— SUPPLIED DATA —
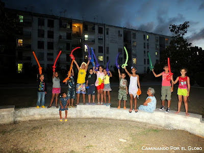 En otro lugar donde globologiamos, fue en El Parque Céspedes en Santiago de Cuba. Luego de un día cansador de recorrida por la ciudad, fuimos a «hacer plaza». Y había un nene al lado nuestro con unas señoras muy simpáticas. Y dije: vamos a hacerle un globito. Bueno, le hicimos un tigre y el nene estaba re contento jugando como si fuese un juguete de verdad. Eso me encantó. Después se acercaron tres hermanitos que también les hicimos globos. En seguida los colores de los globos Qualatex empezaron a brillar en la noche, y se empezaron a acercar cada vez más chicos (y adultos pesados también!). En un momento se juntaron unos 6 chicos grandecitos, que les enseñé a hacer la espada y el perrito. Aprendieron super bien. Pero después eran tantos los nenes, que tuvimos que hacérselos nosotros. Tuvimos que organizar una fila porque era un desorden. Todos querían su globito.
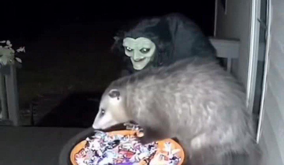 Gambá planeja encher a barriga durante banquete de Halloween, mas quase morre de susto com decoração
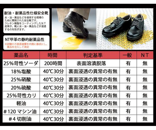 ●ウレタン樹脂をコーティングしたNT皮革が、靴に水・油・薬品などが浸透するのを防ぎます。
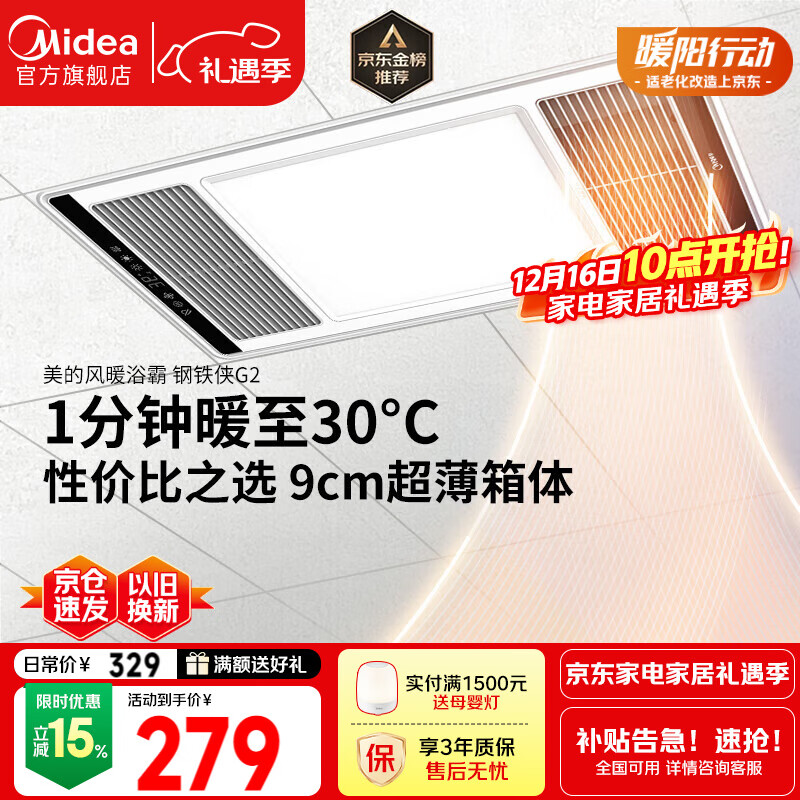 美的(Midea)浴霸暖风照明排气一体集成300x600风暖卫生间暖风机换气浴霸灯G2
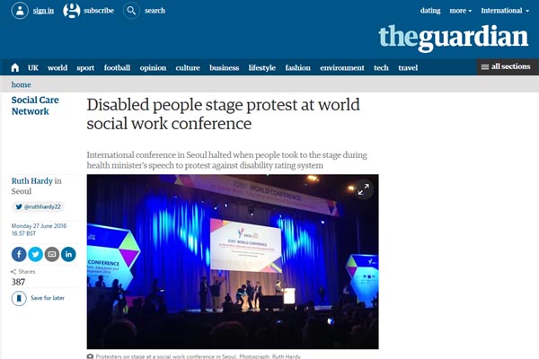 전 세계적으로 영향력있는 영국 일간지 가디언(the Guardian)이 세계사회복지대회 개회식에서 벌어진 장애등급제 비판 기습시위를 다뤘다.
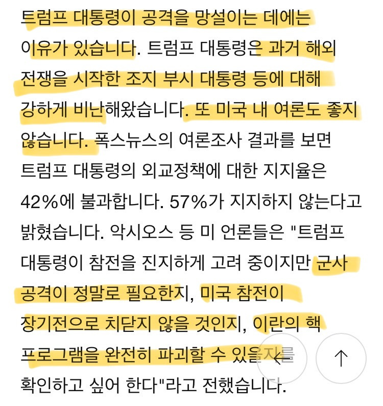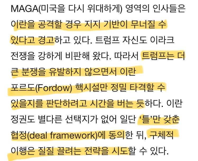 •MAGA 진영조차 “이란 공격시 지지기반 무너질 수 있다” 경고, 트럼프도 “핵시설만 정밀 타격” or “딜 프레임워크 합의 후 질질 끌기” 전략 선택
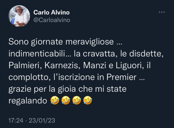 “Sono giornate meravigliose … indimenticabili… la cravatta, le disdette, Palmieri, Karnezis, Manzi e Liguori, il complotto, l’iscrizione in Premier … grazie per la gioia che mi state regalando”.

— EXERCISE DESCRIPTION —
The required answer is the lines from the one that contains "공격시 지지기반 무너질" through the last line of the records, restated word for word, with every picture dropped.

— RESULT —
 •MAGA 진영조차 “이란 공격시 지지기반 무너질 수 있다” 경고, 트럼프도 “핵시설만 정밀 타격” or “딜 프레임워크 합의 후 질질 끌기” 전략 선택
 “Sono giornate meravigliose … indimenticabili… la cravatta, le disdette, Palmieri, Karnezis, Manzi e Liguori, il complotto, l’iscrizione in Premier … grazie per la gioia che mi state regalando”.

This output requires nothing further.